Delta Deal Could Scrap Pilots’ Pensions

Plans are underfunded by 47 percent.

Delta Air Lines has offered its pilots a $300 million pay package in exchange for the right to terminate its pension plan, according to The Wall Street Journal, citing people familiar with the matter. Under the proposal, the $300 million payment would be in the form of an interest-bearing note.

Officials at the embattled airline noted that the company has not made a decision on whether to terminate its pilot pension plan, which is currently 47 percent underfunded, said the paper. Of course, if the pilots accept the deal, the federal government would be saddled with the unfunded obligations, which will put further strain on the already deficit-laden Pension Benefit Guarantee Corp. (PBGC).

In November, officials at the PBGC — the government’s pension insurer — warned that the total shortfall in insured single-employer plans remained in excess of $450 billion.

Delta spokesman Anthony Black noted that the airline “has not told the pilots that it plans to terminate the pension plans,” adding that “we’re continuing to work hard to save our employee pensions,” reported the Journal.

Delta reduced the amount of concessions it is seeking to $315 million annually, from its previous offer of $325 million.

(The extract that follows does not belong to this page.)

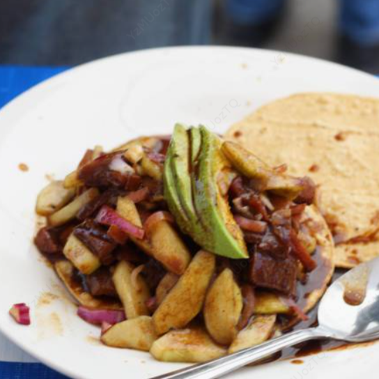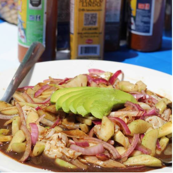 Camarón, crudo, cocido, seco, y calamar. En salsa verde o salsa negra. Contiene mariscos.
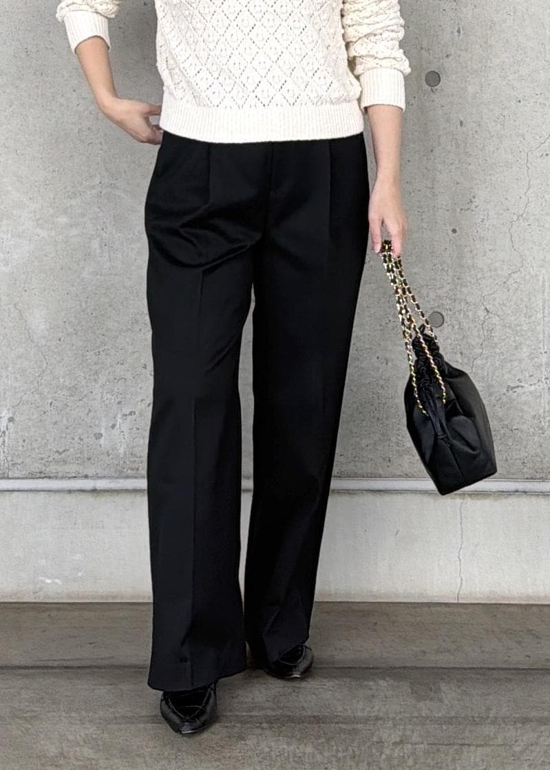 ROPÉトリアセツイル ワンタックイージーワイドパンツ(デニムライク)/イージーケア・セットアップ対応ブラック / 38¥27,500レビュー身長161㎝で普段38サイズを着用しています。

Still, under the latest proposal, the pilots would see their pay cut by 18 percent.

John Culp, an Air Line Pilots Association spokesman, asserted that whatever payment Delta’s pilots might receive for agreeing to terminate the pension plan would be a fraction of what the airline would save by relinquishing its pension obligations, reported the paper. And, given that the pilots are relatively well paid, many would see their pensions cut if the plans were transferred to the PBGC, which caps individual payments at levels far below the average salary of a commercial airline pilot.

Meanwhile, the pilots have reportedly set in motion a plan to strike over the pension issue, among other complaints.